### Given records
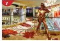
Johnnie Walker House™ Immerse yourself in the intricate world of premium Scotch whisky.
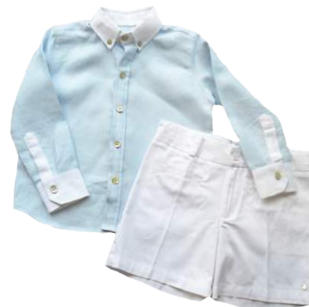
Camisa azul en lino manga larga + bermuda blanca
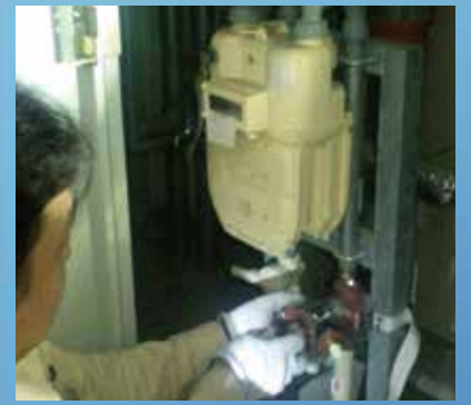
▲膜式メーター交換作業(例)
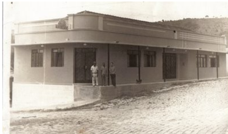
Clube Social Ribeirense
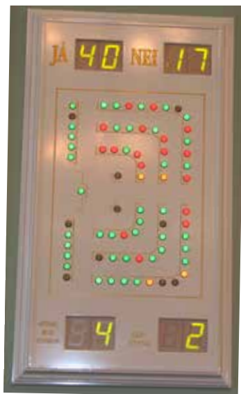
Þingmenn greiða atkvæði með því að ýta á einn af þremur hnöppum sem eru í borðum þeirra. Niðurstöðurnar, og hvernig hver og einn greiðir atkvæði, birtast á ljósatöflum í þingsalnum.

Þegar vandi stæðar að í íslensku þjóðfélagi er oft sagt að nú verði Alþingi að grípa í taumana. Þetta sést á bloggsíðum, í lesendabréfum og greinum dagblaðanna, heyrst í útvarps- og sjónvarpsviðtölum og yfir kaffibolla heima í eldhúskrók. Þegar til kastanna kemur eru það stjórnmalamenn sem ákveða hvort rétt sé að taka á viðfangsefninu með lagasetningu. Hugmyndir um lagasetningu geta komið víða að. Hagsmunaaðilar reyna að hafa áhrif á undirbúning lagasetningar, oft í gegnum fjölmiðla. Einstaklingar geta einnig látið skoðun sína í ljós, t.d. með greinaskrifum og með því að hafa samband við
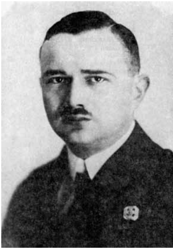
Stanisław Siedlaczek (1892–1941), naczelnik Harcerstwa Polskiego – „Hufców Polskich”, zamordowany w KL Auschwitz

tamtym terenie. Całe kierownictwo organizacji otrzymało wyroki śmierci, które zostały wykonane.
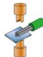
Контактная и ультразвуковая сварка

Гарантия правильности выбора автоматизированного решения для обработки проводов/кабелей - анализ фактических образцов материала, требуемого к обработке. Компания «Евроинтех» рекомендует предоставлять образцы проводников перед непосредственным выбором оборудования.
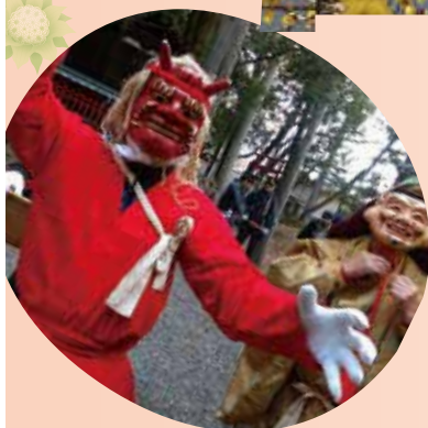
若宮八幡神社の鬼やらい（古市場）

こうした節分の行事は「お歳とり」とも呼ばれました。立春は新しい年の始まりと考えられたからです。こうした節目の日には神霊が訪れると古くから信じられてきました。庭に掲げられた鬼の目も本来は神霊が宿るための依代だったのでないか、という意見もあります。つまり鬼とは災いをもたらす邪悪な存在であるばかりではなかったのかもしれない。南アルプス市域はユネスコのエコパークに登録され、自然と人が調和し、ともに生きることを目指しています。節分は人々が自然の猛威と戦いながらも、敬い、その恵みに感謝し、新たな春に幸福を祈る祭りです。こうした伝統文化には今後自然と向き合っていくための知恵や記憶が秘められているのです。
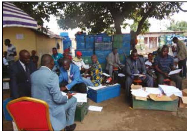
Les membres du jury de la D.e.c générale à pied d'oeuvre.

Cela n'est plus une chose à tolérer. Ma visite m'a permis d'être rassuré que rien ne pourra se reproduire, en 2016», a-t-il indiqué.
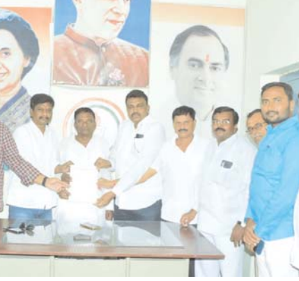
ఎంపీటీసీ తలకొప్పుల సైదులు తదితరులున్నారు.
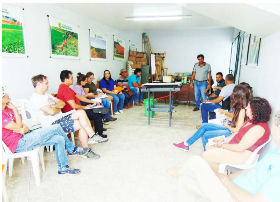
Hidroponia esteve entre os cursos promovido no próprio Sindicato Rural e aberto à produtores e à população
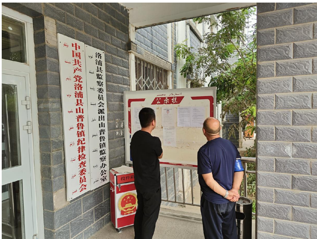
图 2-5 洛浦县山普鲁镇政府公示栏张贴公示
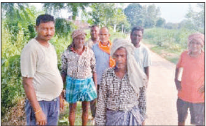
मनरेगा पोर्टल पर अपलोड की गई कार्यस्थल की यह फोटो।
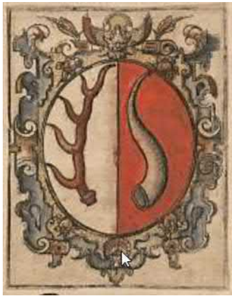
Herb Rogala wg Długosza
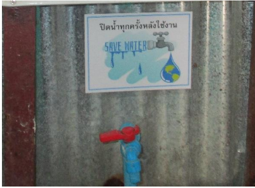
รูปที่ 11 ป้ายรณรงค์ประหยัดน้ำ
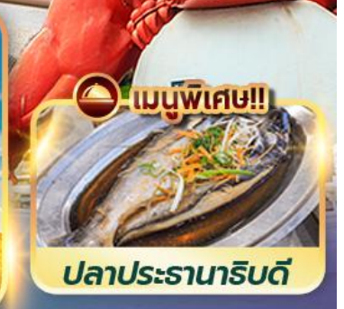
เมนูพิเศษ!! ปลาประรานาธิบดี
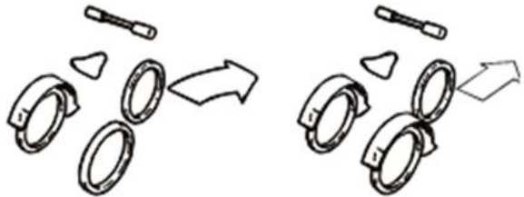
Fiets zonder differentieel

Door het differentieel worden beide wielen onafhankelijk van elkaar aangedreven. De fiets gaat hierdoor recht vooruit en bochten zijn gemakkelijker te nemen.
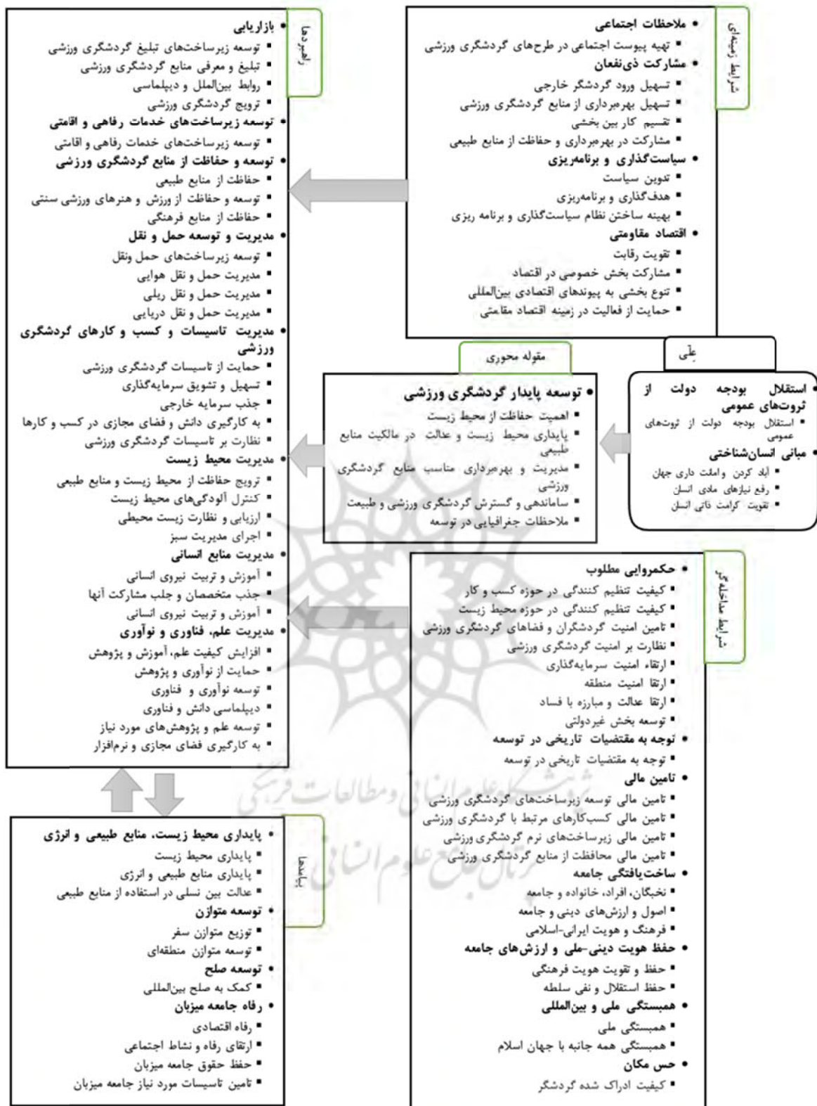
نمودار ۱. الگوی توسعه پایدار گردشگری ورزشی جمهوری اسلامی ایران بر اساس اسناد بالادستی

«مشارکت ذی‌نفعان»، «سیاست‌گذاری و برنامه‌ریزی»
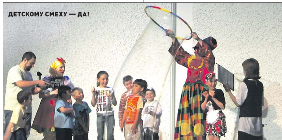
ДЕТСКОМУ СМЕХУ — ДА!
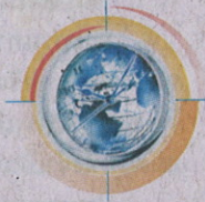
เกาะกระแส

●● นี่ก็เหลืออีกไม่กี่ชั่วโมงก็จะครบกำหนดที่ รอง ปธ. วุฒิสภา ปฏิบัติหน้าที่แทน ปธ.วุฒิสภา สุรชัย เลี้ยงบุญเลิศชัย เคยบอกว่า ขอเวลา 2-3 วัน สำหรับการเสนอ “โรคแมป” ฝ่ายทางต้นประเทศไทย ซึ่งตอนนั้นยังไม่รู้ว่าจะออกมาแบบไหน แต่เมื่อมีการประกาศกฎอัยการศึก ตามมา มันก็เริ่มเดาทิศทาง ได้มากขึ้นว่าแนวโน้มจะไปทางไหน หากเปรียบเทียบเหตุการณ์ในอดีต หากเป็นไปตามนั้น วุฒิสภาก็เหมือนกับ “หอย” ที่ห่อหุ้มด้วย “เปลือกหอย” คือกองทัพในเวลาหนึ่ง เพื่อผลักดันให้ทำหน้าที่ไปตามครรลองประเพณี หรือตามที่ พล.อ.ประยุทธ์ จันทร์โอชา ผบ.ทบ. ได้ตอบคำถามนักข่าวว่า “เวลานี้รัฐบาลอยู่ไหนล่ะ”
######
Exercise brief.
Every line in the data that holds the string "differentieel" should be copied.

Answer.
Fiets zonder differentieel
Door het differentieel worden beide wielen onafhankelijk van elkaar aangedreven. De fiets gaat hierdoor recht vooruit en bochten zijn gemakkelijker te nemen.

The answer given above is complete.